14. The exposure apparatus according to claim 13, further comprising a heat insulating structure provided so as to surround the radiation portion.

15. The apparatus according to claim 1, further comprising a third temperature adjustment device that adjusts a temperature of at least one of the liquid and the substrate so that a temperature of the liquid and a temperature of the substrate are substantially equal.

The exposure apparatus according to claim 1, wherein V is a deviation.

[16] a holding member for holding the substrate;

The exposure apparatus according to any one of claims 1 to 15, further comprising a fourth temperature control device provided on the holding member and configured to raise a temperature of the substrate higher than a temperature of the liquid.

17. The exposure apparatus according to claim 16, wherein the fourth temperature adjustment device has a radiation portion that compensates for a temperature change of the substrate by radiating heat toward the back surface of the substrate.

[18] As the substrate moves with respect to the optical path space, a local region in contact with the liquid is displaced in the substrate,

The fourth temperature control device has a plurality of temperature control units that adjust the temperature at different positions of the substrate,

2. The apparatus according to claim 1, further comprising a control device that controls each of the plurality of temperature control units based on information relating to a moving state of the substrate and a position of the local region on the substrate.

The exposure apparatus according to 6 or 17.

[19] The exposure apparatus according to any one of [1] to [18], further comprising a supply port that is provided to face the substrate and supplies the liquid.

20. The exposure apparatus according to claim 19, further comprising a recovery port that is provided outside the supply port with respect to the optical path space so as to face the substrate and recovers the liquid.

[21] An exposure apparatus that exposes the substrate by irradiating the substrate with exposure light through a liquid! In a hurry An immersion mechanism for supplying the liquid to the optical path space of the exposure light;

An exposure apparatus comprising: a compensation mechanism that compensates for a temperature change of the substrate caused by vaporization of the liquid.

22. The exposure apparatus according to claim 21, wherein a part of the compensation mechanism is disposed outside the optical path space and has a temperature adjustment device that adjusts the temperature of the substrate.

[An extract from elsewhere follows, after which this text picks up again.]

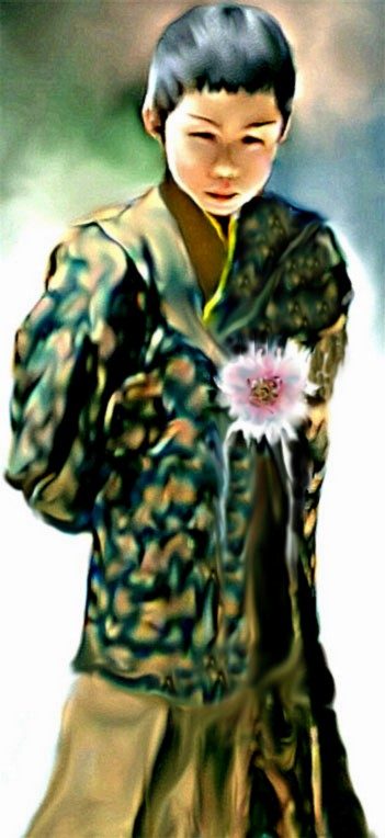 He knelt, and bowed his head before T'phra and as tradition required, she placed her fingertips lightly upon his katra points sharp eyes narrowing a little as she dexterously touched his thoughts. Her usual remote, matriarchal manner appeared to soften just a little - or so it seemed to Spock - as she pronounced, "Thee goes forth a boy but will return a man. Live long and prosper, Spock son of Sarek, son of Skon."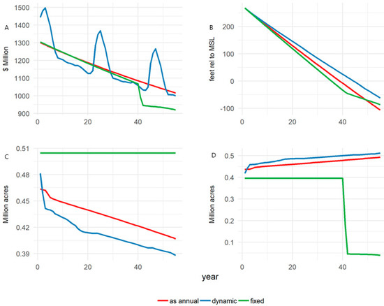 Figure 4 depicts key time series for the “low water” and “low water, high price” scenarios. The corresponding results from the baseline scenario are also included for comparison. The annual net benefits in the “low water” and “low water, high price” scenarios are lower and higher than the baseline, respectively (USDM 1059 and USDM 1804 vs. USDM 1173). Perennial area in the “low water” scenario is about 40,000 acres lower than the baseline (396,000 vs. 436,000 acres) and approximately 219,000 acres (635,000) higher in the “low water, high price” scenario. Whereas the decline in perennial area in the “low water” scenario is rather muted, the change in the “low water, high price’ scenario is dramatic, falling by more than half (400,000 acres) over the 100-year time horizon. The apparent implication is that surface water reductions eventually lead to a decrease in perennial area, but a higher perennial price provides a strong incentive to start at a much higher level of perennial production. While annual crop area increases over time in the “low water” scenario over much of the time horizon, it eventually collapses due to high pumping costs. In contrast, annual crops are almost crowded out by perennials in the “low water, high price” scenario, with a spike in annual area occurring around year 25 as much of the perennial area is removed. Beyond that, the relatively high profitability of perennials and high pumping costs lead annual crop area to be drawn down to almost nothing by the end of the horizon. Both water reduction scenarios dramatically draw down the aquifer relative to the baseline, with each almost de-watering the aquifer at a height of −229 below MSL as compared to −12 feet in the baseline. The difference between the two water reduction scenarios is that the “low water, high price” scenario follows a steeper descent, dropping below −200 feet by approximately year 64, whereas the “low water” scenario does not do so until approximately year 87, again reflecting the reliance on groundwater to irrigate the large perennial crop area. While the baseline does not experience any fallowing, the “low water” and “low water, high price” scenarios experience high levels of fallowing in the last period with 371,000 and 436,000 acres fallowed, respectively.

[23] The exposure apparatus according to [21] or [22], wherein the compensation mechanism is provided with a part of a nozzle member of the liquid immersion mechanism and has a temperature adjustment device for adjusting a temperature of the substrate.

24. The holding device according to claim 21, further comprising a holding member that holds the substrate, wherein the compensation mechanism includes a temperature adjustment device that includes a part of the holding member and adjusts the temperature of the substrate.

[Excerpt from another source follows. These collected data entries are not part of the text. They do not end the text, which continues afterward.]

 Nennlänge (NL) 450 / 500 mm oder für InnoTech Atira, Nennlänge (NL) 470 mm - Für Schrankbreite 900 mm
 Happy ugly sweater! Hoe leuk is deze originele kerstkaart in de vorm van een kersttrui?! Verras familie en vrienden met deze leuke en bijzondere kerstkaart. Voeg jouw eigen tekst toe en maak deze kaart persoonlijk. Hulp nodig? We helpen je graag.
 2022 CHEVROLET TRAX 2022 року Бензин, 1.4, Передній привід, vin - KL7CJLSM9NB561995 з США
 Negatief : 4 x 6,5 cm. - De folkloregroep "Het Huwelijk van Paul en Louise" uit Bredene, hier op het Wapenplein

The exposure apparatus according to claim 1, wherein V is a deviation.

[25] A device manufacturing method using the exposure apparatus according to any one of claims 1 to 24

[26] An exposure method in which the substrate is exposed by irradiating the substrate with exposure light through a liquid! An exposure method in which the liquid is supplied to the optical path space of the exposure light to form an immersion area, and the temperature change of the substrate due to the vaporization of the liquid is compensated.

27. The exposure method according to claim 26, wherein the temperature of the substrate is adjusted by radiating heat to at least one of the front surface and the back surface of the substrate.

[28] The exposure method according to claim 26 or 27, wherein the temperature of the substrate is adjusted by radiating heat to the substrate outside the immersion area.

[29] A device manufacturing method using the exposure method according to any one of [26] to [28].